Extracted entries =

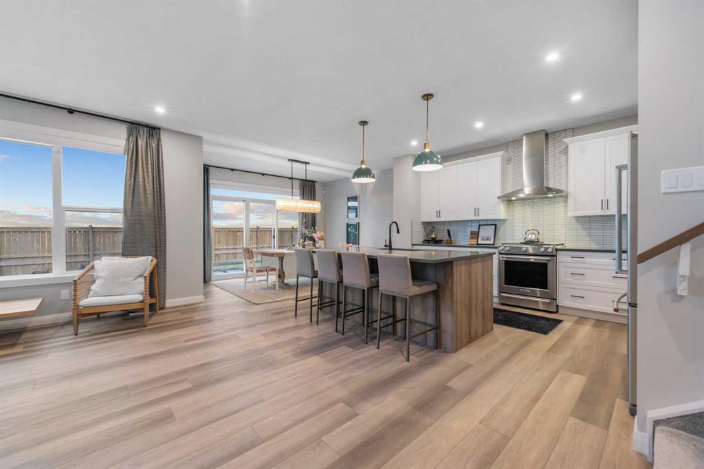 ** SHOW HOME ** Welcome home to The Lancaster by Broadview Homes; a lavish 2-storey home boasting 2,489 SqFt with 3 bedrooms, 2.5 bathrooms, a main level office, upper level bonus room and upper level laundry. This home is crafted with elegance, style and comfort in mind! Upgrades include a butler’s pantry, built-in custom shelving, wired for sound, wide plank flooring on the main level, plush carpet on the upper level, modern accent walls, a gas fireplace and more! The main level open floor plan is every entertainer’s dream. Step into your chef’s kitchen outfitted with stainless steel appliances, a gas stove, stone grey countertops and crisp white cabinetry! The large centre island is the perfect space for small meals and socializing while you cook. The dining room is expansive and is equipped for a large leafed dining table when you host and is paired with sliding glass doors that lead to a spacious backyard perfect for the warm summer months! The living room is centred with a floor to ceiling tiled accent wall with a gas fireplace. Off the kitchen is a walk-through butler’s pantry with additional cabinetry, a built-in microwave and a walk-in pantry. This connects to the mudroom off the interior garage door with custom built-in shelves for a clean and organized space! The main level office caters to a work-from-home lifestyle. The main level is complete with a 2pc bath. Upstairs holds 3 bedrooms, 2 5pc bathrooms, a bonus room and laundry. The primary bedroom is a private oasis; this room has views of the rolling prairies, an XL walk-in closet and private 5pc spa ensuite bath. The ensuite features a deep soaking tub, walk-in shower, double vanity and private washing closet. The primary bedroom has additional privacy as the bonus room separates this from bedrooms 2 & 3. Both bedrooms 2 & 3 are a spacious and share the main 5pc bath with a tub/shower combo and double vanity with storage below. The bonus room is the perfect space to unwind in the evenings with your family. The laundry located upstairs is every home owner’s dream as its near all the bedrooms! Downstairs, the unfinished basement is a blank canvas. With 9Ft ceilings and rough-in plumbing, the basement is ready for your personal touch. The front attached triple garage and driveway provides you with plenty of parking for your vehicle and seasonal toys! Hurry and book your showing at your brand new Broadview Home today!
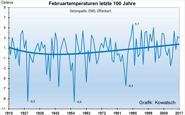 Herr Kowatsch, zu Ihrem „der Februar wird in Deutschland seit 30 Jahren kälter“ nenne ich ein paar Zahlen. Die Februar-Durchschnittstemperatur von 2008-2017 war 1,3 Grad, von 1998-2007 war sie 1,8 Grad und von 1978-1987 war sie 1,7 Grad. Im Mittel der letzten 30 Jahre also 1,6 Grad (Quelle http://tinyurl.com/gmryx6b). Die Februar Temperatur dieses Jahres war 2,9 Grad. Langfristig zeigt sich Datenlage noch deutlicher, 30-jähriges Mittel, 1988-2017: 1,6, 1958-1987: 0,1, 1928-1957: -0,5. Noch zu „Die Erwärmungsgläubigen haben einen Anstieg der Wintertemperaturen vorhergesagt“. Ja, aber sie sind nicht so dumm, den sehr warmen Februar 2017 als Beweis dafür zu nehmen oder sich von ein paar herausgepickten Rosinen blenden zu lassen. Vielmehr gibt es eine erdrückende Flut von Fakten, die den Trend zu einer langfristig globalen Erwärmung belegen.
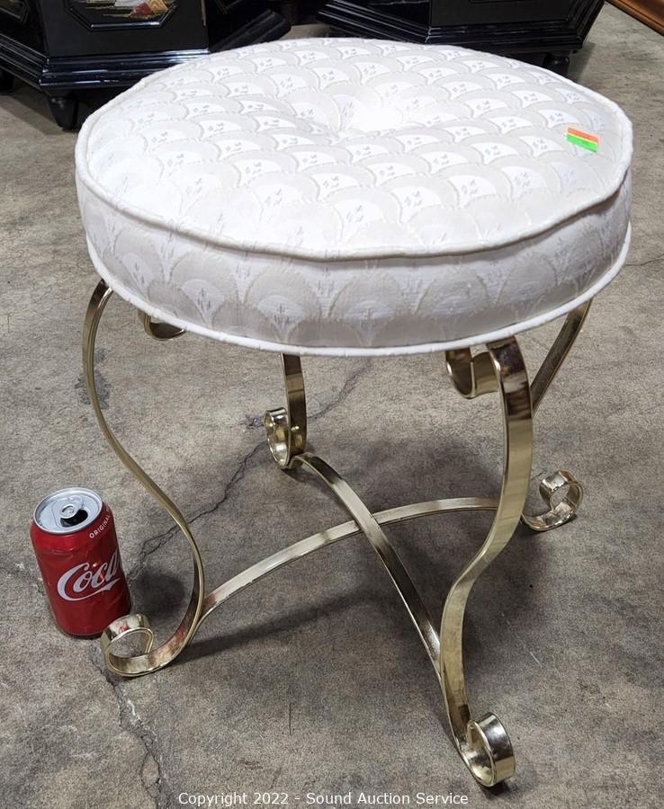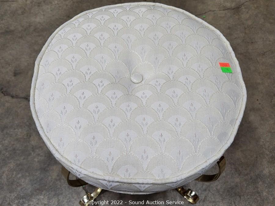 Lot #0086: Nice Brass Ivory Upholstered Stool
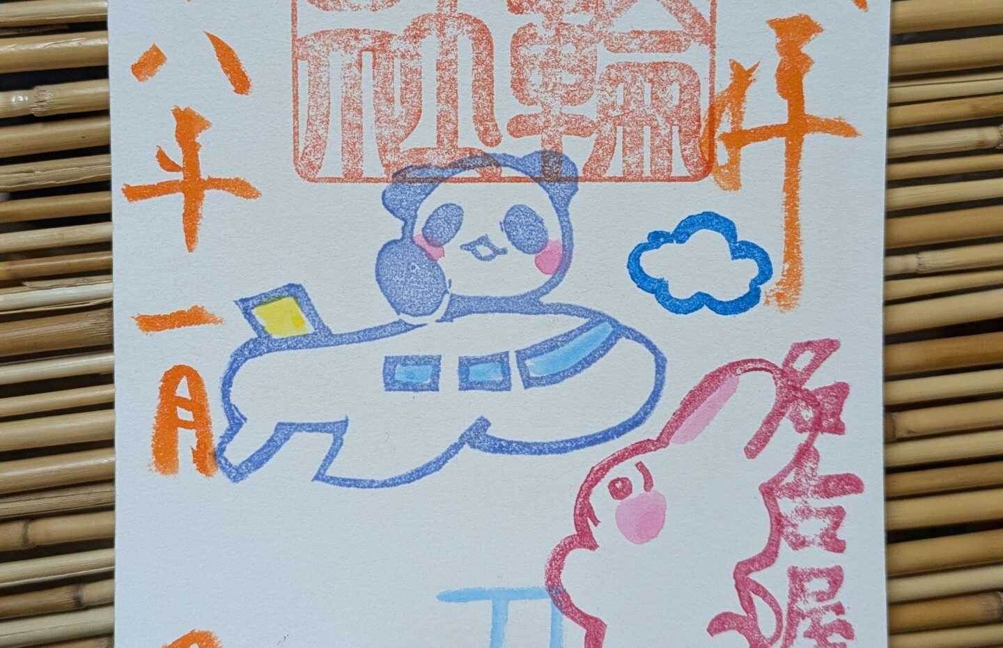 「パンダ見送り」「一粒万倍日」直書き御朱印
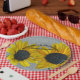 Plates match other wedding decor in my store under western mountain road. See sunflowers and a road in Wyoming. As you look down the road you see mountains and the gateway to Yellowstone National Park. Look at all the printed products.
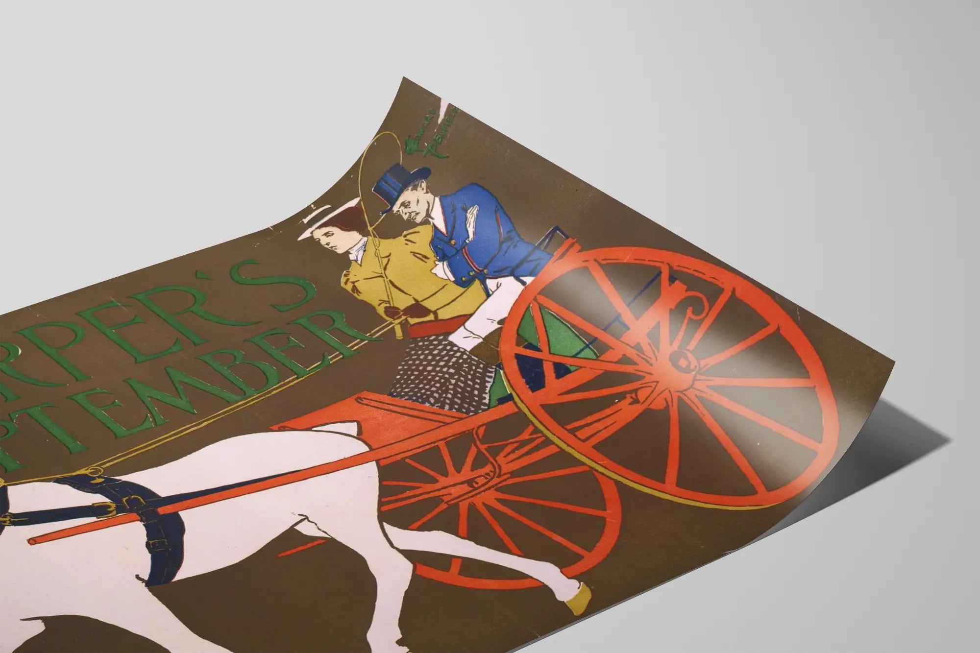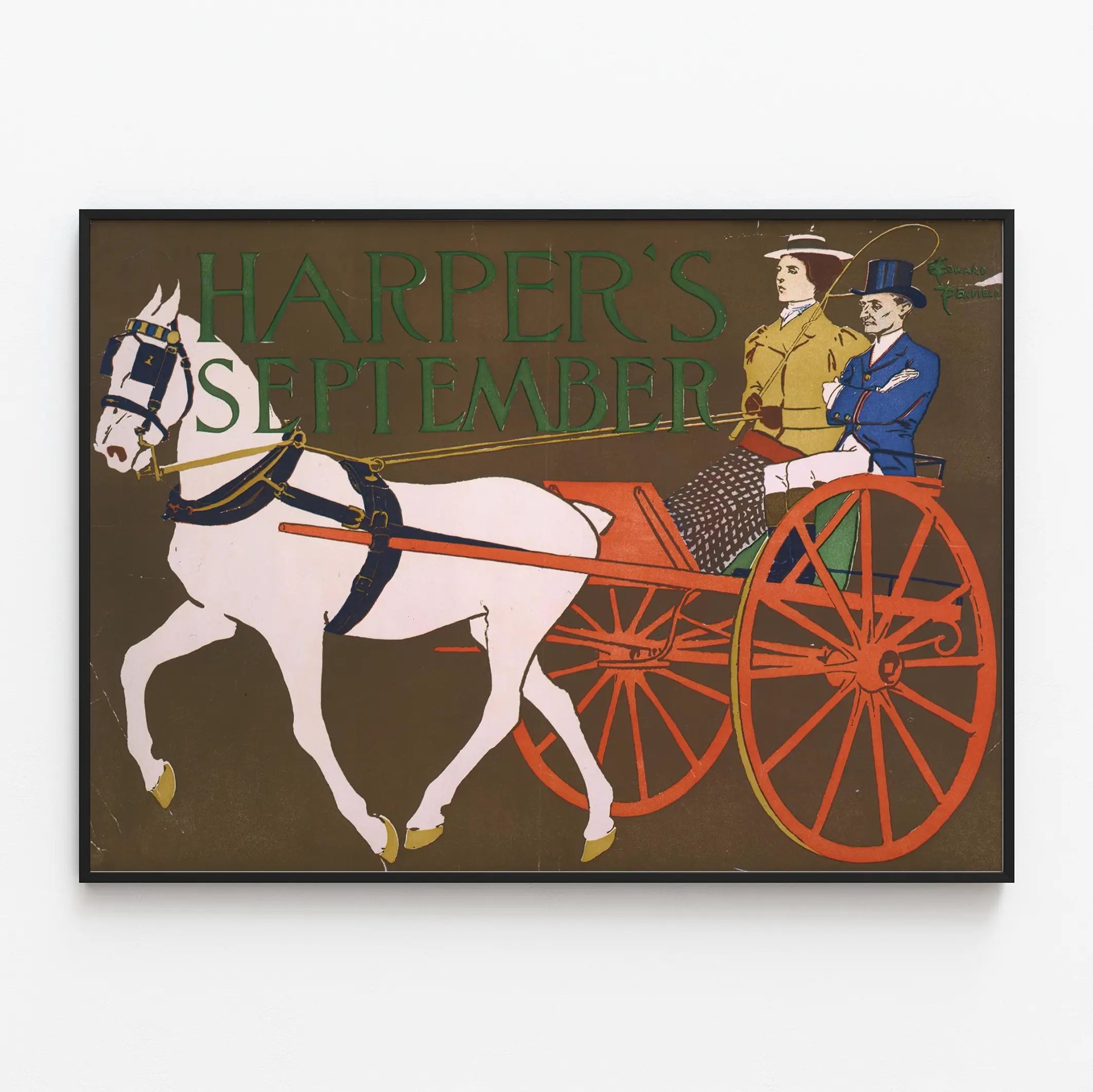Vintageaffisch Harper's september med häst och vagn och vit häst
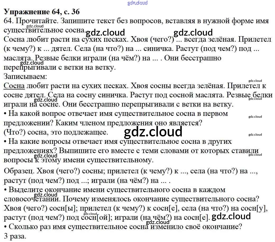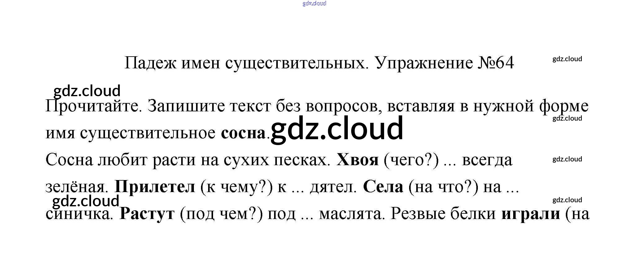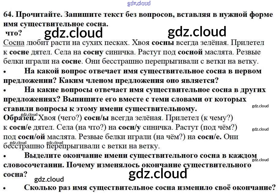 Ответ на задание 64 Учебник Русский язык за 3 (третий) класс Канакина, Горецкий Школа России 2013 Часть 1, 2
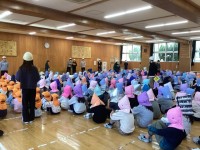 なわとびパフォーマーのふっくんが、小松川小学校にやってきました。はじめに全校児童が集まり、なわとびのパフォーマンスを見せてもらいました。そして各学年で、なわとびを上手にとぶ方法を教えて頂きました。夢中になって練習する児童の姿が見られました。ふっくん、どうもありがつございました!

Exercise requirements = Could you set down exactly, and only, the lines from the line containing "Ответ на задание" through the last line of the records, both included, without the pictures?

Expected output =
 Ответ на задание 64 Учебник Русский язык за 3 (третий) класс Канакина, Горецкий Школа России 2013 Часть 1, 2
 なわとびパフォーマーのふっくんが、小松川小学校にやってきました。はじめに全校児童が集まり、なわとびのパフォーマンスを見せてもらいました。そして各学年で、なわとびを上手にとぶ方法を教えて頂きました。夢中になって練習する児童の姿が見られました。ふっくん、どうもありがつございました!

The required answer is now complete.